### Try it
Keep the images out and set the listing below down word for word.

--- The data ---

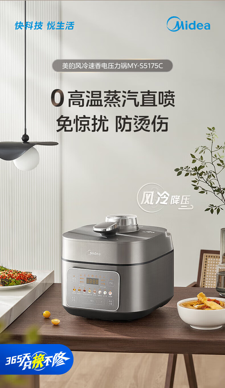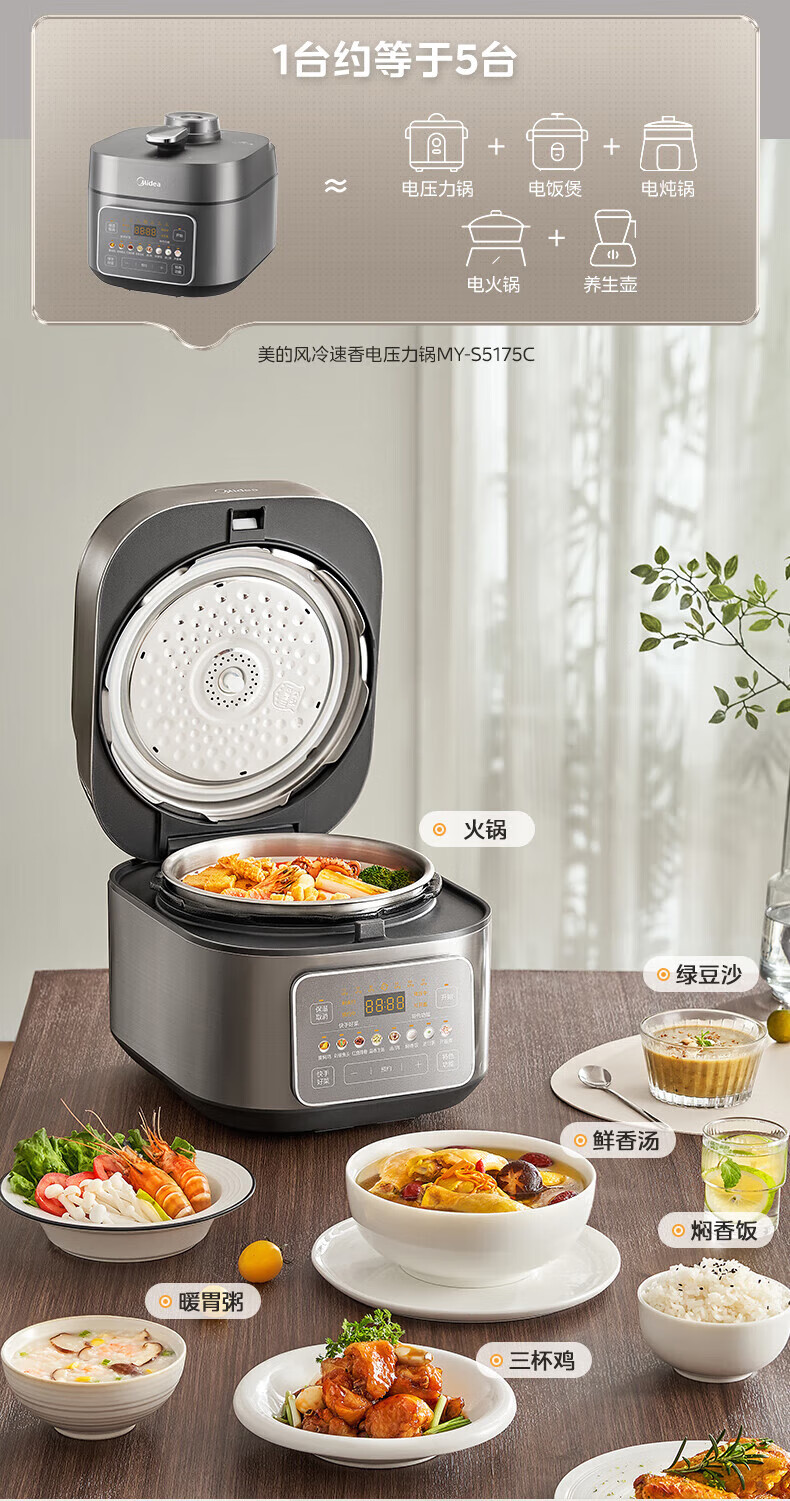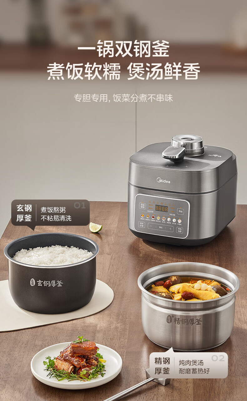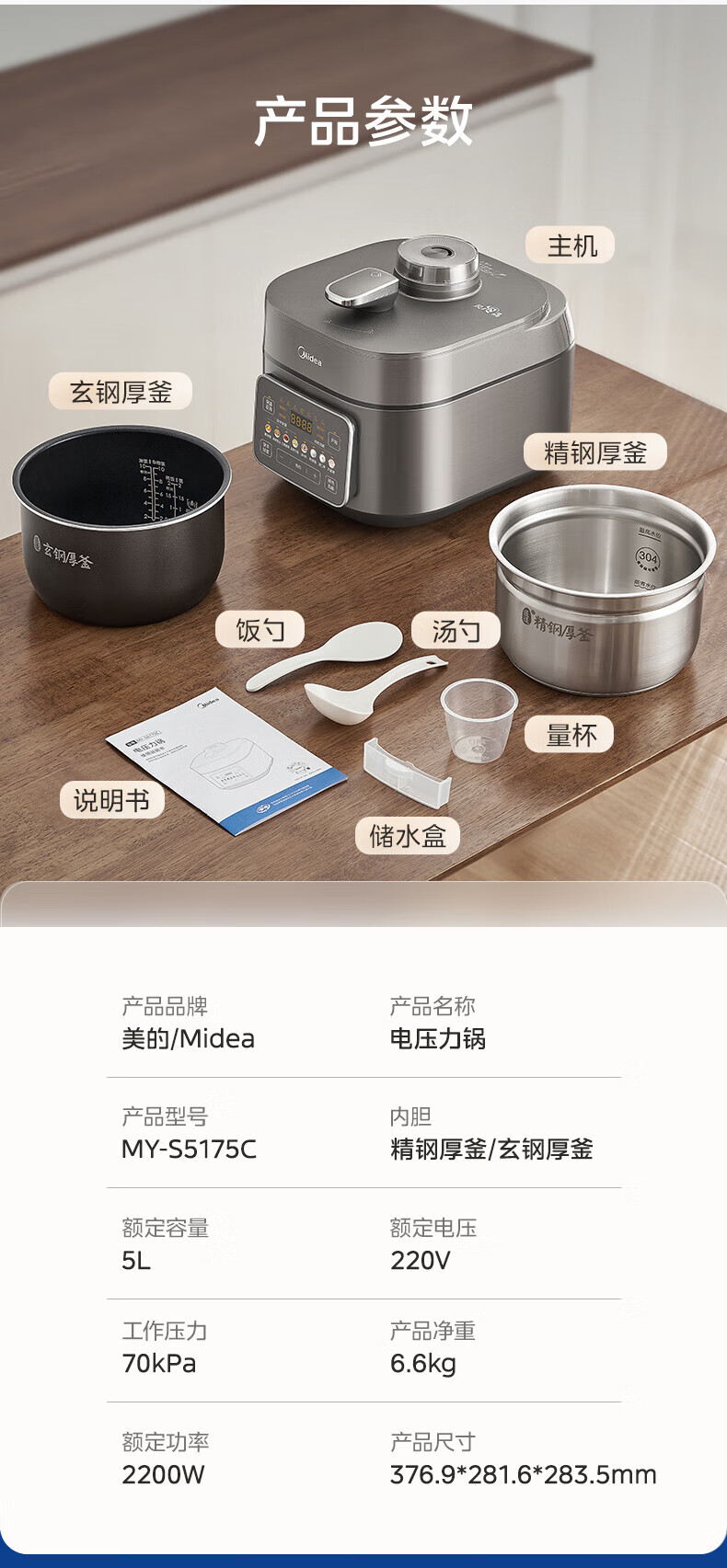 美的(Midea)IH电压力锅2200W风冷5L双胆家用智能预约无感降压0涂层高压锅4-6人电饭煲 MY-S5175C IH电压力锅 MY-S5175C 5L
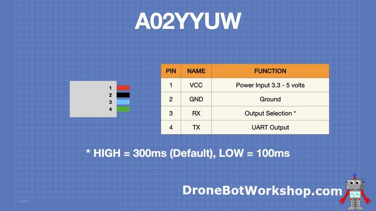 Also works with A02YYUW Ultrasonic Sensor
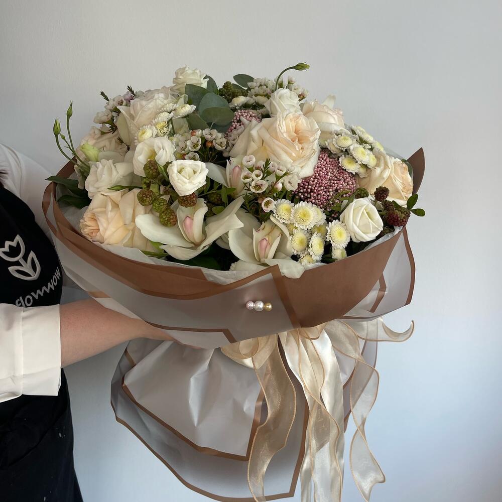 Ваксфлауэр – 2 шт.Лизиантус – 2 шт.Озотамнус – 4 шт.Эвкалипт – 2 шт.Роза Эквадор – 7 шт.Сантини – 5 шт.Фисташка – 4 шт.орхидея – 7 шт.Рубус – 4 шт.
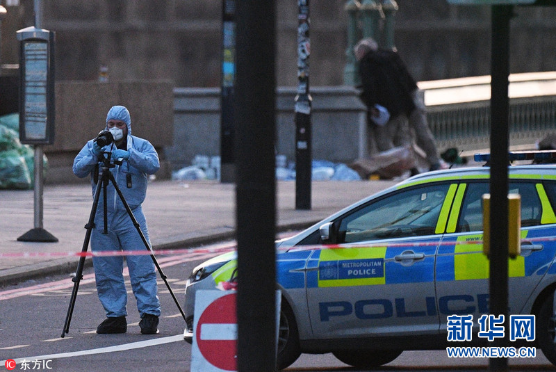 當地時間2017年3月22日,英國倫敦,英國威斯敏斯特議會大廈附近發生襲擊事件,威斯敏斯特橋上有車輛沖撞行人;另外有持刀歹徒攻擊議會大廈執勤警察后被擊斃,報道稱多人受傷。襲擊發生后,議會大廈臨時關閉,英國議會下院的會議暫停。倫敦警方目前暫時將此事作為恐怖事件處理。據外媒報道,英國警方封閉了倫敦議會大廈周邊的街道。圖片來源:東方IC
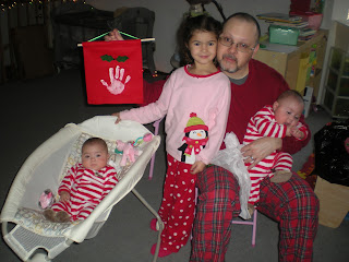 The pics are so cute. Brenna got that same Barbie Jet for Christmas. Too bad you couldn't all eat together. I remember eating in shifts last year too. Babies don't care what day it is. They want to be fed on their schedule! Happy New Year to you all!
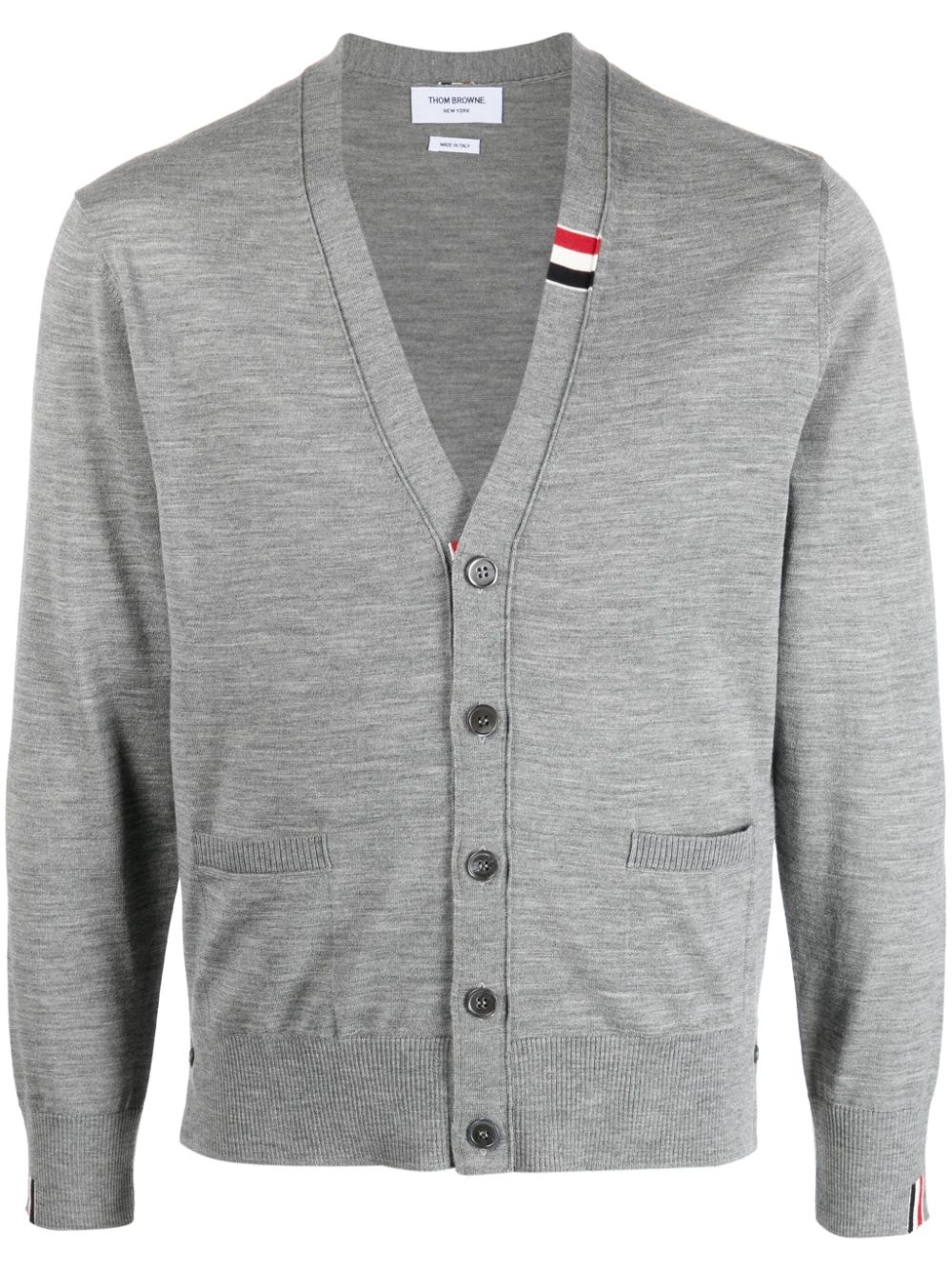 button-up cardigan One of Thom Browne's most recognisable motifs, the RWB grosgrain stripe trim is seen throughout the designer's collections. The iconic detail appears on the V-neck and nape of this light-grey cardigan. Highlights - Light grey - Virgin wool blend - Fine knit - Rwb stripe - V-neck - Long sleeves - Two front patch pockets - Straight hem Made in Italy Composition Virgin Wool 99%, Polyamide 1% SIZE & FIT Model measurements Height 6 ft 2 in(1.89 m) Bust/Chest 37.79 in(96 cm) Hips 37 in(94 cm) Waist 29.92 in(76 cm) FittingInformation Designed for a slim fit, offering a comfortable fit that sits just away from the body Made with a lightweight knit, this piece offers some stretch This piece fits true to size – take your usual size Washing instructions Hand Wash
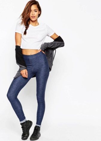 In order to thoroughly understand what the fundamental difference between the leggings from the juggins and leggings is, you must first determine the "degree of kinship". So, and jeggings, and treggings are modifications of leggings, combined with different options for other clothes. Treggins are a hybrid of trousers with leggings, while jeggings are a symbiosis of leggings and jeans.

---

### Response area
 美的(Midea)IH电压力锅2200W风冷5L双胆家用智能预约无感降压0涂层高压锅4-6人电饭煲 MY-S5175C IH电压力锅 MY-S5175C 5L
 Also works with A02YYUW Ultrasonic Sensor
 Ваксфлауэр – 2 шт.Лизиантус – 2 шт.Озотамнус – 4 шт.Эвкалипт – 2 шт.Роза Эквадор – 7 шт.Сантини – 5 шт.Фисташка – 4 шт.орхидея – 7 шт.Рубус – 4 шт.
 當地時間2017年3月22日,英國倫敦,英國威斯敏斯特議會大廈附近發生襲擊事件,威斯敏斯特橋上有車輛沖撞行人;另外有持刀歹徒攻擊議會大廈執勤警察后被擊斃,報道稱多人受傷。襲擊發生后,議會大廈臨時關閉,英國議會下院的會議暫停。倫敦警方目前暫時將此事作為恐怖事件處理。據外媒報道,英國警方封閉了倫敦議會大廈周邊的街道。圖片來源:東方IC
 The pics are so cute. Brenna got that same Barbie Jet for Christmas. Too bad you couldn't all eat together. I remember eating in shifts last year too. Babies don't care what day it is. They want to be fed on their schedule! Happy New Year to you all!
 button-up cardigan One of Thom Browne's most recognisable motifs, the RWB grosgrain stripe trim is seen throughout the designer's collections. The iconic detail appears on the V-neck and nape of this light-grey cardigan. Highlights - Light grey - Virgin wool blend - Fine knit - Rwb stripe - V-neck - Long sleeves - Two front patch pockets - Straight hem Made in Italy Composition Virgin Wool 99%, Polyamide 1% SIZE & FIT Model measurements Height 6 ft 2 in(1.89 m) Bust/Chest 37.79 in(96 cm) Hips 37 in(94 cm) Waist 29.92 in(76 cm) FittingInformation Designed for a slim fit, offering a comfortable fit that sits just away from the body Made with a lightweight knit, this piece offers some stretch This piece fits true to size – take your usual size Washing instructions Hand Wash
 In order to thoroughly understand what the fundamental difference between the leggings from the juggins and leggings is, you must first determine the "degree of kinship". So, and jeggings, and treggings are modifications of leggings, combined with different options for other clothes. Treggins are a hybrid of trousers with leggings, while jeggings are a symbiosis of leggings and jeans.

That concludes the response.